Being gay isn’t a choice. It isn’t a lifestyle. It isn’t an alternative way of living. This is who I am. Coming out is a scary thing and usually, you have to come out many more times after that. You come out to strangers or people you just met. Being gay can be scary but it’s also great to be out with who you are and love who you want to love. My only hope is that more people are accepting. Being gay isn’t a choice anyone made. Maybe one day people will stop thinking it is.

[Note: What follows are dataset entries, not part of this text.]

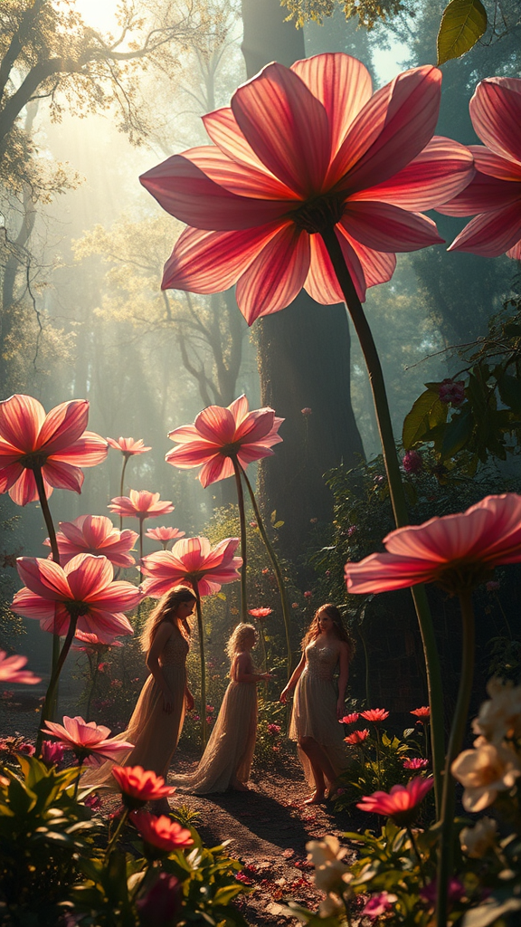 Oscar-worthy detailed photography of a captivating cinematic scene in an enchanted forest, featuring graceful elves mingling among gigantic fantastical flowers, with an artistic and surreal touch, offering an imaginative, high-concept visual feast, capturing the mystery and wonder of this magical realm, ethereal lighting, vivid colors, unexpected elements scattered throughout, evoking a sense of whimsy and astonishment.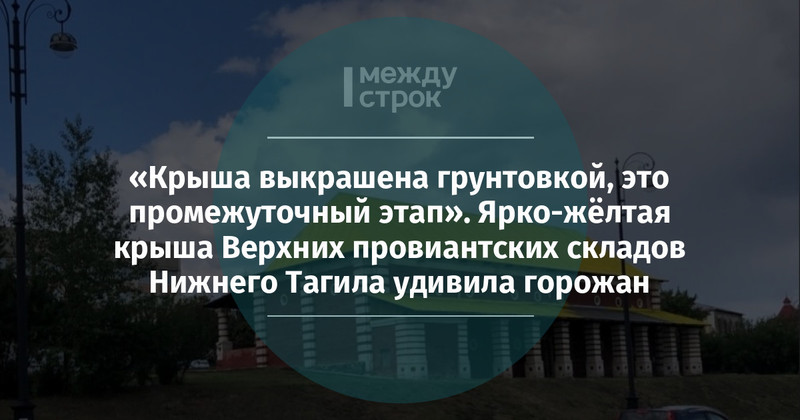 Ярко-жёлтая крыша Верхних провиантских складов Нижнего Тагила удивила и возмутила многих горожан, её бдительные жители заметили ещё в субботу, 24 июня. Выяснилось, что причиной возмущения стала грунтовка по металлу, которая позднее будет закрашена, о чём наблюдательные тагильчане, выражавшие своё недовольство, конечно же не знали. В здании располагается музей природы и охраны окружающей среды и сейчас рабочие приступили к ремонту кровли.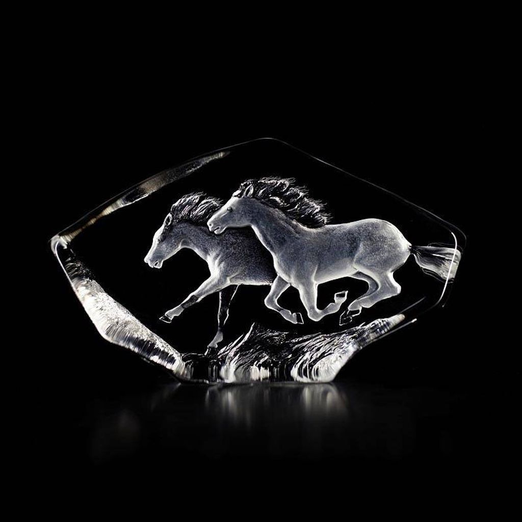 Exklusivt handgjort kristallblock från Målerås med graverat hästmotiv, signerat av designern. Perfekt som gåva.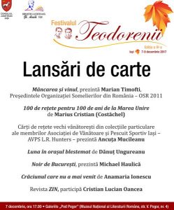 Biblioteca Judeţeană „Gh. Asachi” din Iaşi organizează, în perioada 7-9 decembrie 2017, o nouă ediție a Festivalului „Teodorenii”. Ajuns la cea de a patra ediție, Festivalul „Teodorenii” reprezintă deja un reper cultural de primă mână, prin profesionalismul cu care este organizat, prin relevanța activităților propuse și prin calitatea invitaților săi. Spre deosebire de alte manifestări de profil, Festivalul „Teodorenii” caută, de la ediție la ediție, alte teritorii literare și culturale. Tema din acest an este „Povești cu vânători, pescari și gurmanzi”.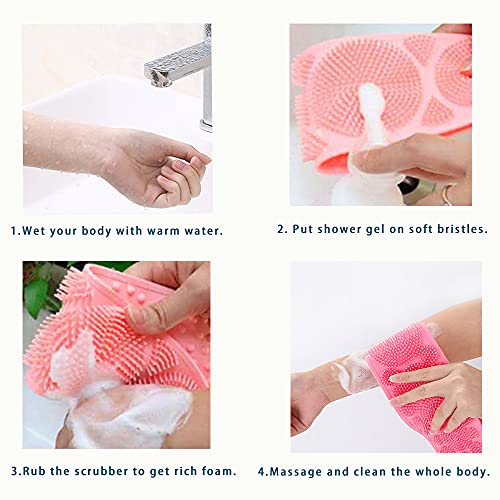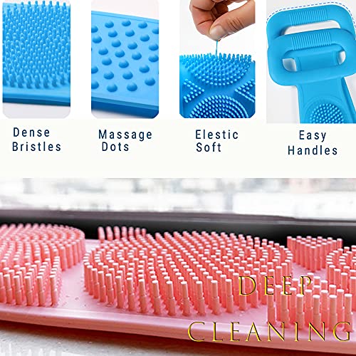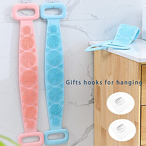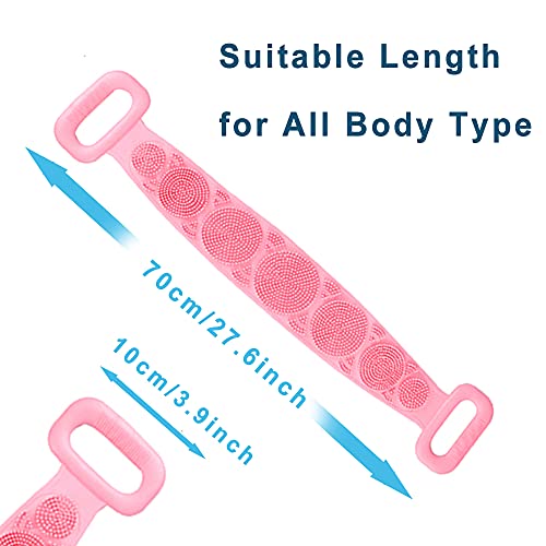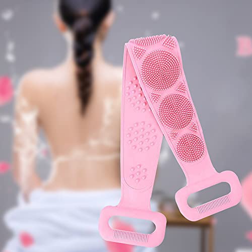Generic - فرشاة تنظيف الظهر من السيليكون للاستحمام، فرشاة استحمام من السيليكون، فرشاة تقشير، أحزمة غسيل الظهر بمقبض طويل، تنظيف عميق للبشرة المصابة بحكة وحب الشباب ورغوة جيدة، سهلة التجفيف (زهري)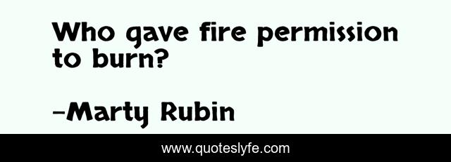 This page presents the quote "Who gave fire permission to burn?". Author of this quote is Marty Rubin. This quote is about being, fire, burning, permission,.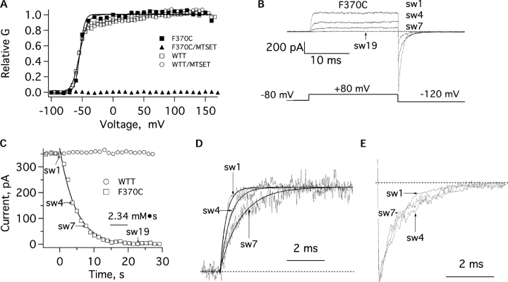 Figure 3. . MTSET effects on ionic currents of Shaker WTT and F370C mutant channels. (A) Activation curves of WTT and F370C channels, before and after 10.8 mM·s exposure to MTSET. Plotted is the normalized tail current at −100 mV following depolarizations to the indicated voltages. Boltzmann fits yielded V1/2 = −51 ± 1 mV and z = 3.8 ± 0.4 for WTT, and V1/2 = −54 ± 1 mV and z = 6.4 ± 0.8 for F370C. After MTSET exposure, the WTT currents were essentially unchanged with V1/2 = −55 ± 0.8 mV and z = 3.6 ± 0.4. Tail currents in F370C channels were reduced from ∼1 nA to a residual <5 pA for all tested depolarizations. (B) F370C currents in an inside-out patch exposed to 0.5 mM MTSET (1 min old). Depolarizations were given to +80 mV from a −80 mV holding potential every 830 ms; currents from sweeps 1, 4, 7, and 19 are shown. (C) The elicited current is plotted as a function of cumulative MTSET exposure. There is no MTSET effect on WTT Shaker channels (circles). (D) Scaled activation time course of the F370C current sweeps shown in B. The rising phase slows down as the MTSET modification progresses. (E) The corresponding scaled tail currents. The deactivation time courses of the three sweeps are indistinguishable. In all experiments, the computed MTSET exposure was corrected for hydrolysis as described in materials and methods.

I know what we have encountered could be worse. I know there are many people in the world who suffer from others opinions and actions. I know for the most part, my life is amazing. I have more than I could ever imagine. When I was a little girl, I never thought I would be gay, marry a girl, need science to have kids, or deal with other people’s opinions of my family. What I don’t want is for my kids to encounter things I have just for being different. I want them to live in a world where people are not targeted for being outside of society’s norms. I can’t make everyone in the world accept my family but I can show others that love makes a family. I want my kids to know it is okay to have our family like ours. I want others to know it is okay to have a family like ours. I want my kids and everyone else to know it is okay to love who you love and gender doesn’t matter. Love is what matters.”